_What to work on_.
Pictures in the data must not be copied, but everything else should be output exactly.

_Exercise data_.
*** Block opens ***

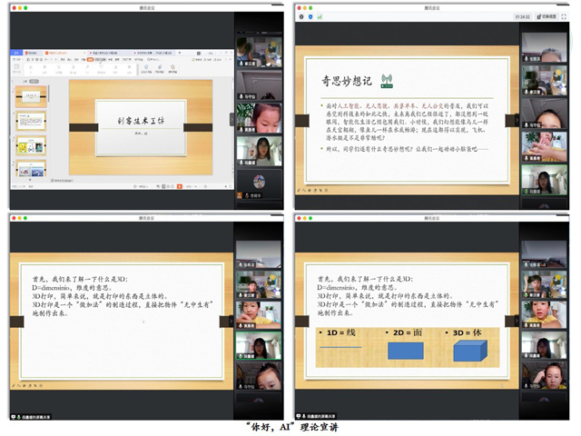 随后,团队开展了以“你好,AI”为主题的理论宣讲活动,以简单的例子向小朋友们科普3D打印技术、智能LED、机器人等科创知识,旨在让小学生们对科创具有初步的认识,同时激发他们对于科创的兴趣与热情,鼓励小朋友们未来可以做出更好的科创作品。
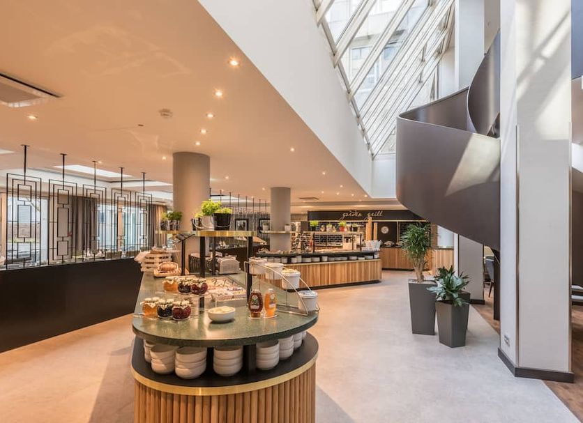 The Garden Grill restaurant is located at the hotel and serves a fresh breakfast every morning. There are also beverages available all day long in the Lobby Bar. The Pavillion Pantry is open 24/7 and sells drinks, snacks, and other items guests may need. The hotel also has room service in the evening hours. During the evening hours, the restaurant serves international and German cuisine along with vegetarian and vegan options.
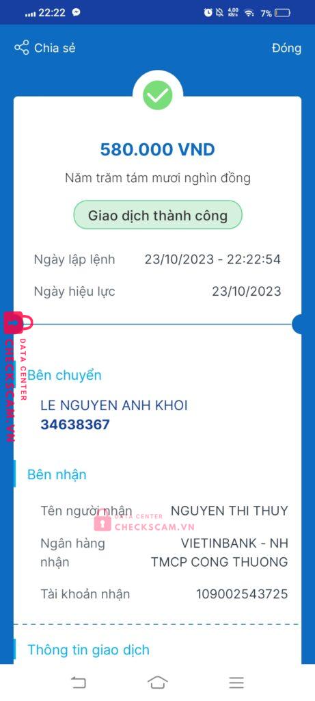 Scammer Alert: Nguyen thi thuy Reported: November 16, 2024 Scammer Information Full Name: Nguyen thi thuy Payment Gate: Viettinbank Payment Account: 109002543725 Category: Marketplace scams Source: Checkscam Evidence Files Report Description Tạo dựng lòng tin rồi scam Comments Your comment Add Comment No comments yet. Be the first to share your experience with this scammer.
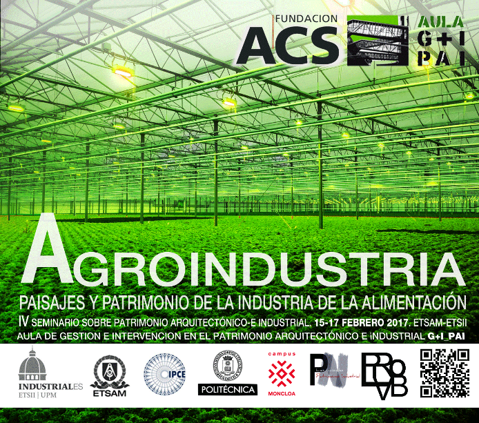 El Aula de Formación Gestión e Intervención en el Patrimonio Arquitectónico e Industrial (G+I_PAI) es fruto de un convenio entre la Fundación ACS y la Universidad Politécnica de Madrid. Organiza, entre los días 15 y 17 de febrero de 2017, el IV Seminario Internacional sobre Patrimonio Arquitectónico e Industrial, bajo el título “Agroindustria. Paisajes y Patrimonio de la Industria de la Alimentación”. Los interesados en presentar una comunicación tienen de plazo hasta el 1 de noviembre (fecha prorrogada) para enviar un resumen de su propuesta. Más información en: http://gipai.aq.upm.es.

*** Block closes ***

_Result for this exercise_.
 随后,团队开展了以“你好,AI”为主题的理论宣讲活动,以简单的例子向小朋友们科普3D打印技术、智能LED、机器人等科创知识,旨在让小学生们对科创具有初步的认识,同时激发他们对于科创的兴趣与热情,鼓励小朋友们未来可以做出更好的科创作品。
 The Garden Grill restaurant is located at the hotel and serves a fresh breakfast every morning. There are also beverages available all day long in the Lobby Bar. The Pavillion Pantry is open 24/7 and sells drinks, snacks, and other items guests may need. The hotel also has room service in the evening hours. During the evening hours, the restaurant serves international and German cuisine along with vegetarian and vegan options.
 Scammer Alert: Nguyen thi thuy Reported: November 16, 2024 Scammer Information Full Name: Nguyen thi thuy Payment Gate: Viettinbank Payment Account: 109002543725 Category: Marketplace scams Source: Checkscam Evidence Files Report Description Tạo dựng lòng tin rồi scam Comments Your comment Add Comment No comments yet. Be the first to share your experience with this scammer.
 El Aula de Formación Gestión e Intervención en el Patrimonio Arquitectónico e Industrial (G+I_PAI) es fruto de un convenio entre la Fundación ACS y la Universidad Politécnica de Madrid. Organiza, entre los días 15 y 17 de febrero de 2017, el IV Seminario Internacional sobre Patrimonio Arquitectónico e Industrial, bajo el título “Agroindustria. Paisajes y Patrimonio de la Industria de la Alimentación”. Los interesados en presentar una comunicación tienen de plazo hasta el 1 de noviembre (fecha prorrogada) para enviar un resumen de su propuesta. Más información en: http://gipai.aq.upm.es.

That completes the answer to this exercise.